Activity → The first line of the entries and each line after it, through the one that contains "la ciudad de", are to be duplicated exactly; no picture belongs in the copy.

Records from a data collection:
=====

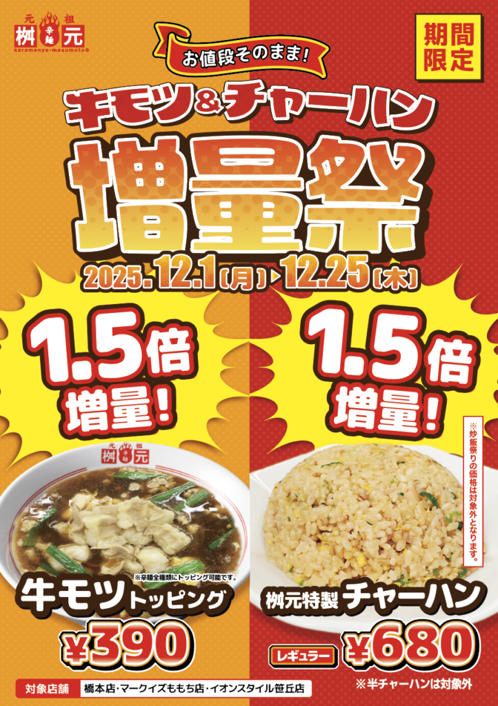 福岡県の橋本店、イオンスタイル笹丘店、マークイズ福岡ももち店では、12月1日〜12月25日までの期間中、牛モツトッピングとチャーハンの増量祭を開催します!
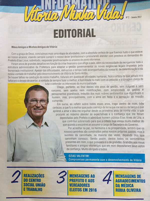 Recebi das mãos do amigo Ozias Valentim, dias atrás, um exemplar do jornal que vem sendo editado por ele e que se chama: Informativo – Vitória Minha Vida! Na ocasião, disse-me que pretende dá sequência nessa ferramenta de comunicação, uma vez que a primeira edição foi lançada na sua pré-campanha eleitoral para disputa majoritária municipal do ano passado (2016).
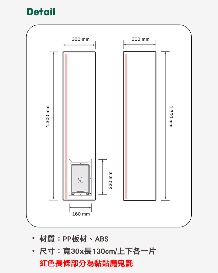尺寸:共兩片板材,每片約30x130cm,洞口約寬度16x高度24cm
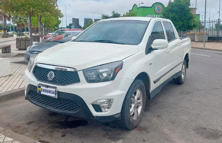 la ciudad de Concepción, una camioneta marca SsangYong, modelo New Actyon Sport 2.0, año 2014, con un avalúo de 10 millones de pesos. Lo anterior obedece a que la víctima, quien le vendió su vehículo a un tercero, recibió como pago un cheque falsificado.
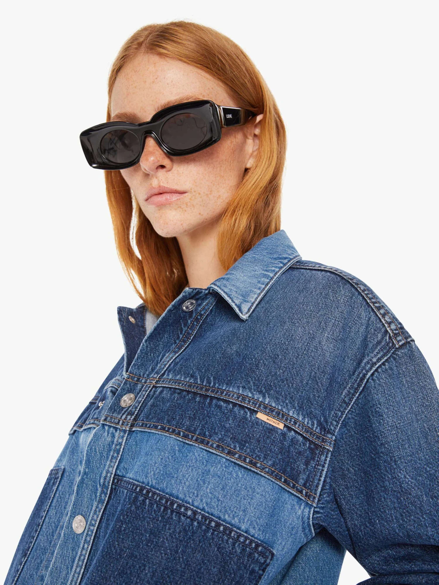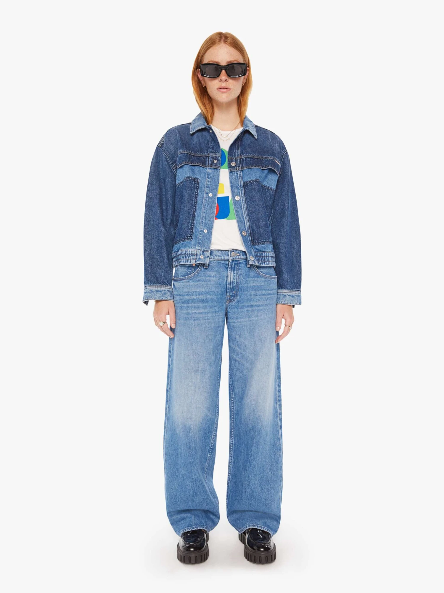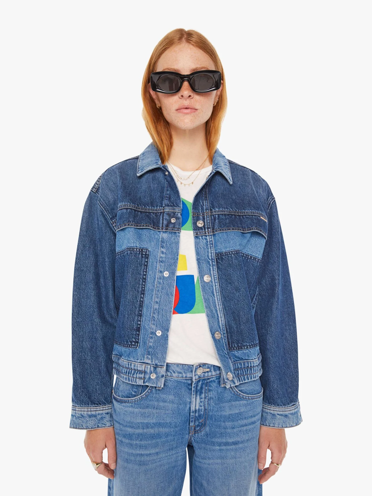 Three’s a crowd. A denim jacket with drop shoulders, patch pockets and an elastic hem at the waist. Made from SUPERIOR 100% cotton, Love Triangle is a mid-blue wash with darker details at the chest, sleeves and pockets.
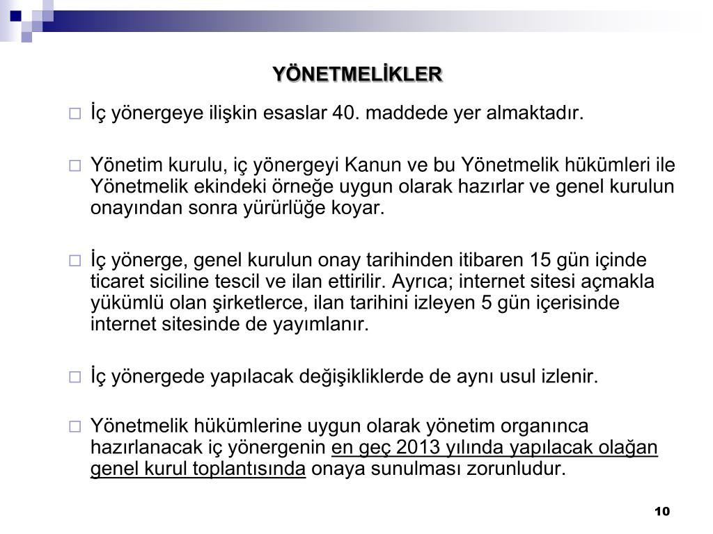 YÖNETMELİKLER • İç yönergeye ilişkin esaslar 40. maddede yer almaktadır. • Yönetim kurulu, iç yönergeyi Kanun ve bu Yönetmelik hükümleri ile Yönetmelik ekindeki örneğe uygun olarak hazırlar ve genel kurulun onayından sonra yürürlüğe koyar. • İç yönerge, genel kurulun onay tarihinden itibaren 15 gün içinde ticaret siciline tescil ve ilan ettirilir. Ayrıca; internet sitesi açmakla yükümlü olan şirketlerce, ilan tarihini izleyen 5 gün içerisinde internet sitesinde de yayımlanır. • İç yönergede yapılacak değişikliklerde de aynı usul izlenir. • Yönetmelik hükümlerine uygun olarak yönetim organınca hazırlanacak iç yönergenin en geç 2013 yılında yapılacak olağan genel kurul toplantısında onaya sunulması zorunludur.
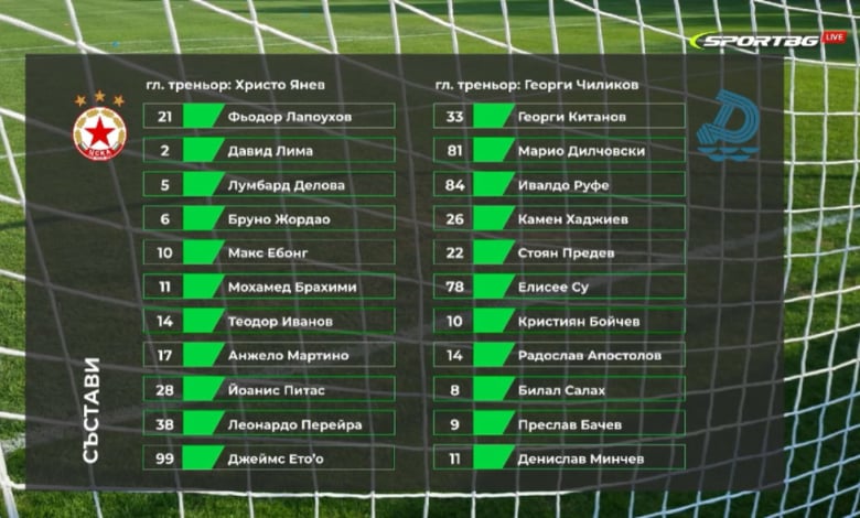 ЦСКА: 21. Фьодор Лапоухов (72’ 25. Димитър Евтимов), 2. Дейвид Пастор (72’ 19. Иван Турицов), 5. Лумбард Делова (77’ 91. Алекс Тунчев), 14. Теодор Иванов (46’ 4. Адриан Лапеня), 17. Анжело Мартино (72’ 3. Андрей Йорданов), 6. Бруно Жордао (к) (72’ 30. Петко Панайотов), 10. Макс Ебонг (62’ 94. Исак Соле), 99. Джеймс Ето’о (72’ 73. Илиан Илиев), 11. Мохамед Брахими (77’ 8. Дейвид Сегер), 38. Лео Перейра (77’ 7. Улаус Скаршем), 28. Йоанис Питас (62’ 9. Леандро Годой)
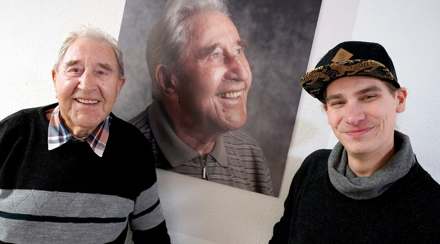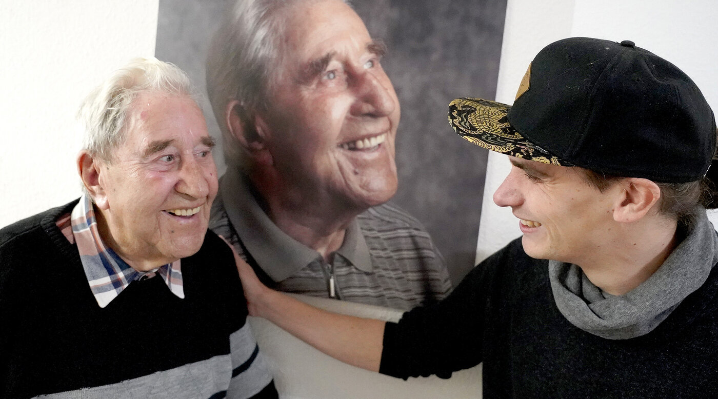 BAD ZWISCHENAHN/ROSTRUP. Welch ein wunderbares Wiedersehen: Fast auf den Tag genau zwei Jahre ist’s nun her, dass der Rostruper Fotograf Johannes Bichmann die Bewohner*innen in der AWO Einrichtung am Zwischenahner Meer „zum Leuchten“ gebracht hat. Jetzt war er wieder vor Ort und traf dort auch auf Arkadiusz Lewandowski. Der 99-Jährige war einst Model für Bichmann, sein strahlendes Portrait hängt noch immer auf dem Flur des Erdgeschosses.
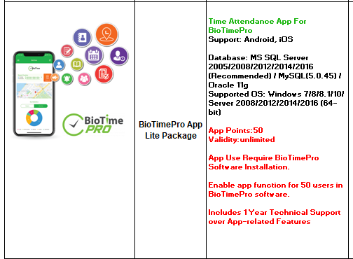 BioTimePro App (Permanente) 50P (BTP-A-50-P) (Necesita licencia base permanente)
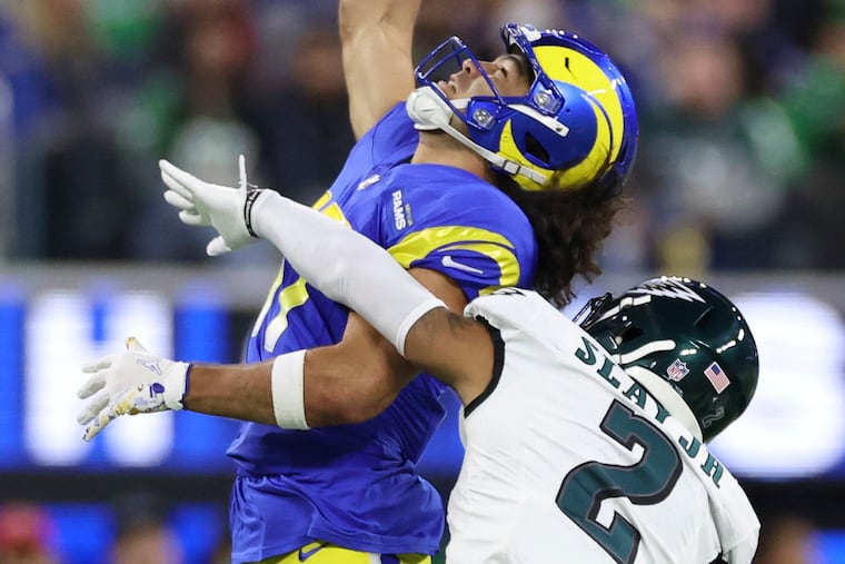The Eagles went with Isaiah Rodgers in Slay's spot at outside corner opposite rookie Quinyon Mitchell. The Rams had success testing Rodgers quickly in Slay's absence, drawing a pass-interference penalty on the 26-year-old and finding receiver Demarcus Robinson in the end zone for a two-yard touchdown a couple plays later.
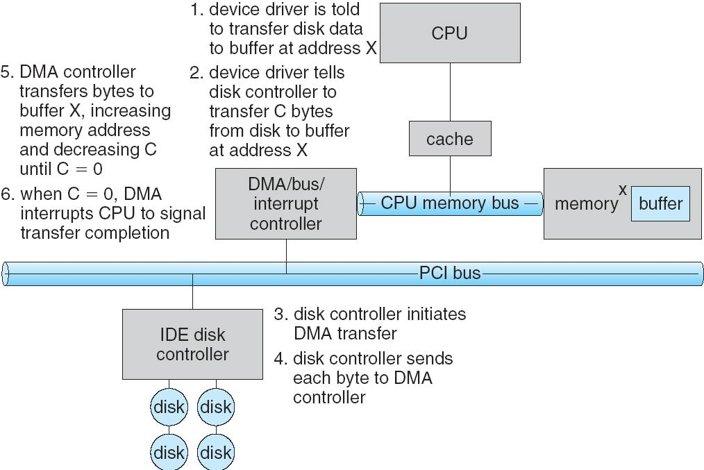 - 控制器清除command-ready位,清除status寄存器中的error位(表示I/O成功),并清除busy位,表示完成操作

=====

Answer to this problem →
 福岡県の橋本店、イオンスタイル笹丘店、マークイズ福岡ももち店では、12月1日〜12月25日までの期間中、牛モツトッピングとチャーハンの増量祭を開催します!
 Recebi das mãos do amigo Ozias Valentim, dias atrás, um exemplar do jornal que vem sendo editado por ele e que se chama: Informativo – Vitória Minha Vida! Na ocasião, disse-me que pretende dá sequência nessa ferramenta de comunicação, uma vez que a primeira edição foi lançada na sua pré-campanha eleitoral para disputa majoritária municipal do ano passado (2016).
尺寸:共兩片板材,每片約30x130cm,洞口約寬度16x高度24cm
 la ciudad de Concepción, una camioneta marca SsangYong, modelo New Actyon Sport 2.0, año 2014, con un avalúo de 10 millones de pesos. Lo anterior obedece a que la víctima, quien le vendió su vehículo a un tercero, recibió como pago un cheque falsificado.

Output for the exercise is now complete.